Telepathy via the internet is here

Researchers have claimed that they successfully were able to establish a brain-to-brain link over the internet allowing two people to communicate suing only brain signals.

The complex experiment was completed by researchers at the University of Washington. For the study, participants took part in a question-and-answer game by using signals transmitted through the brain over the Internet, according to Gracious Column.

The researchers involved in the study say that it is a breakthrough for proof that brain-to-brain communication is possible between two people.

“It uses conscious experiences through signals that are experienced visually, and it requires two people to collaborate,” said lead author Andrea Stocco, an assistant professor of psychology and a researcher at UW’s Institute for Learning & Brain Sciences.

The study involves two participants. One of them is labeled the ‘respondent’ while the other is the ‘inquirer’. The first participant wears a cap that is connected to an electroencephalography (EEG) machine that is able to record electrical brain activity. This person is then shown an object on a computer screen while the ‘inquirer’ views a list of possible objects and associate questions.

The ‘inquirer’ then sends a question and the ‘respondent’ is asked to answer either “yes” or no” simply by focusing their attention on one of two flashing LED lights that are attached to a monitor representing their answer.

Once the answer is “submitted” the inquirer is sent a signal via the Internet which activates a magnetic coil positioned behind their head. Only a “yes” answer generates a response strong enough to stimulate the visual cortex where they would then be able to see a flash of light known as a “phosphene” which looks like a blob, wave or thin line which creates enough of a signal to disrupt the visual field telling the inquirer the answer.
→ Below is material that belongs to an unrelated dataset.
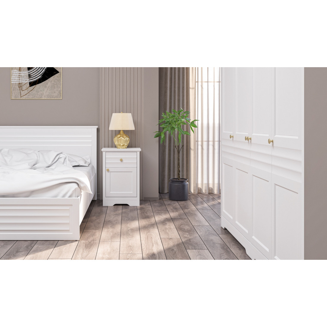 Денвер – это новая коллекция корпусной мебели для спальни, гостиной и столовой. Прямые строгие линии в сочетании с легкой горизонтальной волной на фасадах придают мебели элегантный и уверенный вид. Белый матовый цвет мебели, любимый многими за универсальность, можно сочетать с любым оттенком стен и пола. Округлые металлические золотые ручки разбавляют строгий и лаконичный вид фасадов и добавляют интерьеру утонченности.

“They have to interpret something they’re seeing with their brains,” said co-author Chantel Prat, a faculty member at the Institute for Learning & Brain Sciences and a UW associate professor of psychology. “It’s not something they’ve ever seen before.”

Errors can occur, researchers have said. Oftentimes this happens with the respondents do not know the answers to questions or when they focus on both answers.
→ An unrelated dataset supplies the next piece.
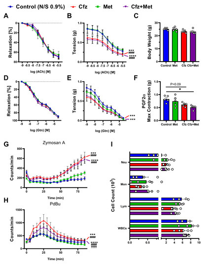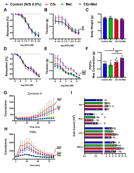 2.1. Carfilzomib Led to an Acute Decrease in PGF2α-Induced Aortic Constriction and Leucocyte-Derived Oxidative Burst, Independently of Metformin Cotreatment

“While the flashing lights are signals that we’re putting into the brain, those parts of the brain are doing a million other things at any given time too,” Prat said.

The researchers are continuing further studies on brain signals that include research into how it can be used as a sort of “brain tutoring” that would transfer signals from healthy brains to those that are developmentally challenged such as signals from a focused student to one who has attention deficit hyperactivity disorder.

“Imagine having someone with ADHD and a neurotypical student,” Prat said. “When the non-ADHD student is paying attention, the ADHD student’s brain gets put into a state of greater attention automatically.”